(no subject)
Sep. 23rd, 2008 02:24 am![[personal profile]](https://www.dreamwidth.org/img/silk/identity/user.png)
Every so often a new line of my specific insatiability becomes visible. Greed, as you know, can be found in wanting more of what one has. But what of the greed in wanting what is true to be true? I want you to exist.
no subject
Date: 2008-11-19 09:51 pm (UTC)I'd locate greed in how the desire relates to its object: what a person is willing to do in order to secure that object, and whether or not that object can satisfy the desire, would be parts of greed (I'm not willing to define it outright).
Then what is it you want when you say "I want you to exist"?

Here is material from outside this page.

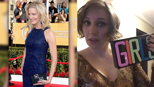 Anna Gunn showed some love for her show Breaking Bad with this adorable black clutch emblazoned with the "Breaking Bag" logo with the elemental symbols "Br" and "Ba" at the 2014 SAG Awards on January 18, 2014 in Los Angeles, while Lena Dunham proudly showed off her Charlotte Olympia Girls clutch on Instagram on April 7. "My first excuse to carry my @charlotte_olympia clutch in public! To the very inspiring @pointfoundation honors. I save my sequins for when I know the gay boys will be out #traffickinginstereotypes," she wrote.

I want someone (whom I know to exist) to exist. Knowledge of existence is (one would think) the only way to satisfy that desire, but it didn't. The desire in question has gone away by this point, though, so I doubt I can analyze it. It wasn't "I want you to remain existing," but I'm unsure about "I want you to be around" -- there seemed to be a sense in which the person in question was not sufficiently present, or withholding a part of himself.
Intentionally, or just that you cannot reach this confirmation? And would a single confirmation be sufficient, or is it - like for the black hole effect - something that would require repeated confirmation (in the case of the black hole effect, replies from the person in question)?
If some kind of confirmation would have worked (and it wouldn't have just been a confirmation of existence), I don't know what (or what kind) it would have been.